◆ **ASSIGNMENT**: Write again exactly the lines in the listing below, starting at the line with "Mapa SP Zona" and ending at the line with "- Create Playlists", both included. Pictures are not copied.

◆ **DATA SUPPLIED**:
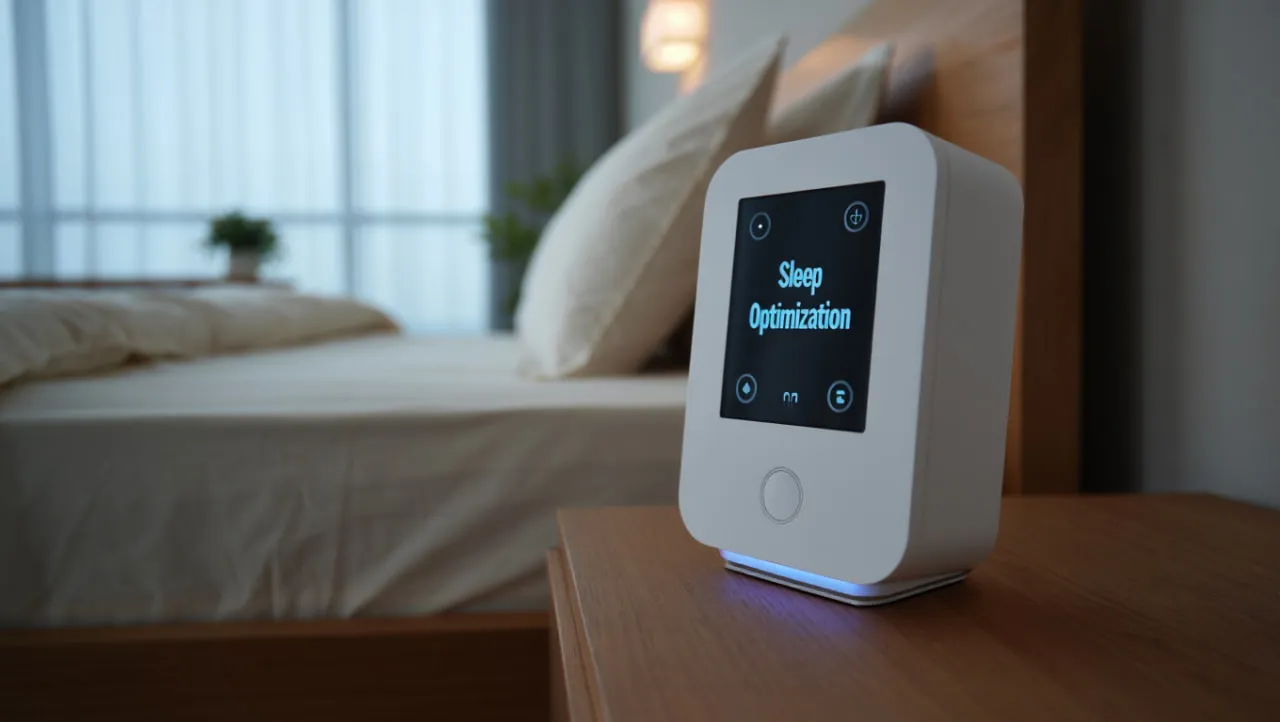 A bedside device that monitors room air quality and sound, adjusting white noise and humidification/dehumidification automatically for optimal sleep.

---

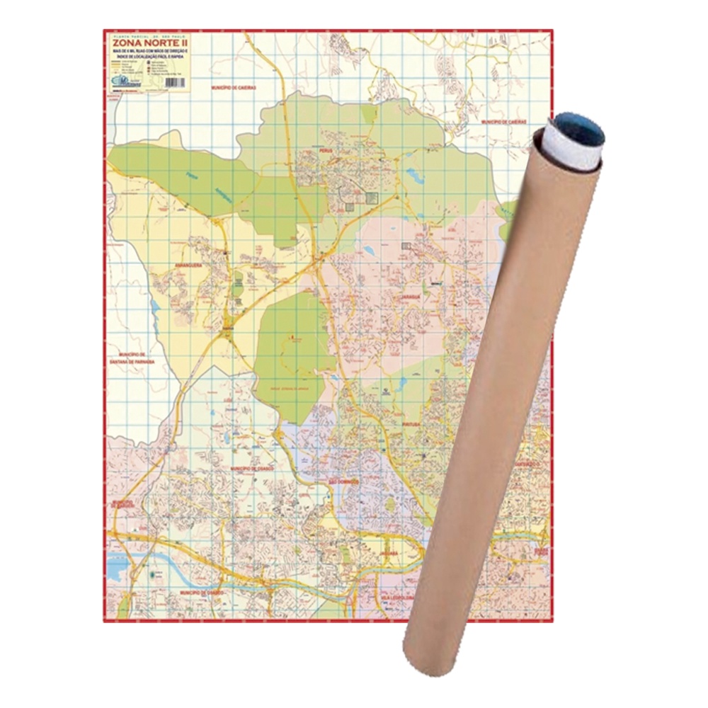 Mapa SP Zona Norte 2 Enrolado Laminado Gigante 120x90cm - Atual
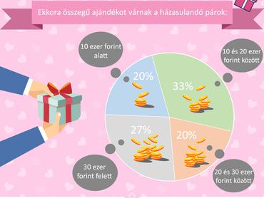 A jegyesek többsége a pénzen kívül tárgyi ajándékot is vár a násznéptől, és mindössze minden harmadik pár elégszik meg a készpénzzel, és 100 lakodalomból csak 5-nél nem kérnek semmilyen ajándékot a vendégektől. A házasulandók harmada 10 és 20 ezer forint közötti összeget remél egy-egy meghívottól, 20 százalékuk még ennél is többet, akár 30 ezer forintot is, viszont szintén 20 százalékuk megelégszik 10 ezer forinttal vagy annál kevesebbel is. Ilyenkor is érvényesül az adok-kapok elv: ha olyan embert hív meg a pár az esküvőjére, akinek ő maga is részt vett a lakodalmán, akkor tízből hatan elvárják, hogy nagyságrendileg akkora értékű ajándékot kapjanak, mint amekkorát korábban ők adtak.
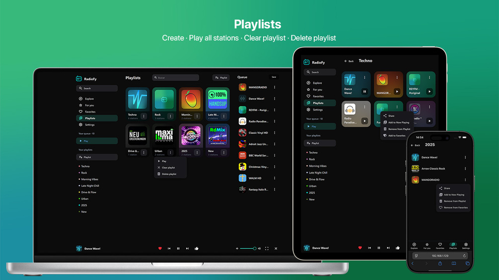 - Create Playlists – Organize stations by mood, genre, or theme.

--

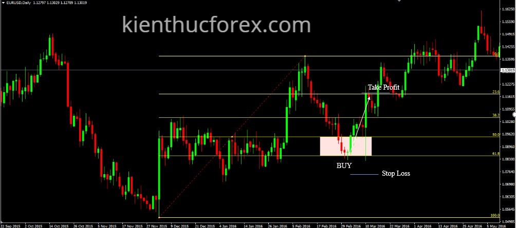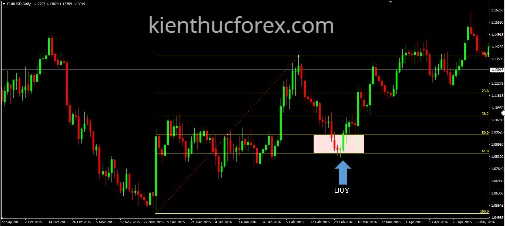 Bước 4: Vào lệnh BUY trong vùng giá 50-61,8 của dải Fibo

◆ **RESPONSE BELOW**:
 Mapa SP Zona Norte 2 Enrolado Laminado Gigante 120x90cm - Atual
 A jegyesek többsége a pénzen kívül tárgyi ajándékot is vár a násznéptől, és mindössze minden harmadik pár elégszik meg a készpénzzel, és 100 lakodalomból csak 5-nél nem kérnek semmilyen ajándékot a vendégektől. A házasulandók harmada 10 és 20 ezer forint közötti összeget remél egy-egy meghívottól, 20 százalékuk még ennél is többet, akár 30 ezer forintot is, viszont szintén 20 százalékuk megelégszik 10 ezer forinttal vagy annál kevesebbel is. Ilyenkor is érvényesül az adok-kapok elv: ha olyan embert hív meg a pár az esküvőjére, akinek ő maga is részt vett a lakodalmán, akkor tízből hatan elvárják, hogy nagyságrendileg akkora értékű ajándékot kapjanak, mint amekkorát korábban ők adtak.
 - Create Playlists – Organize stations by mood, genre, or theme.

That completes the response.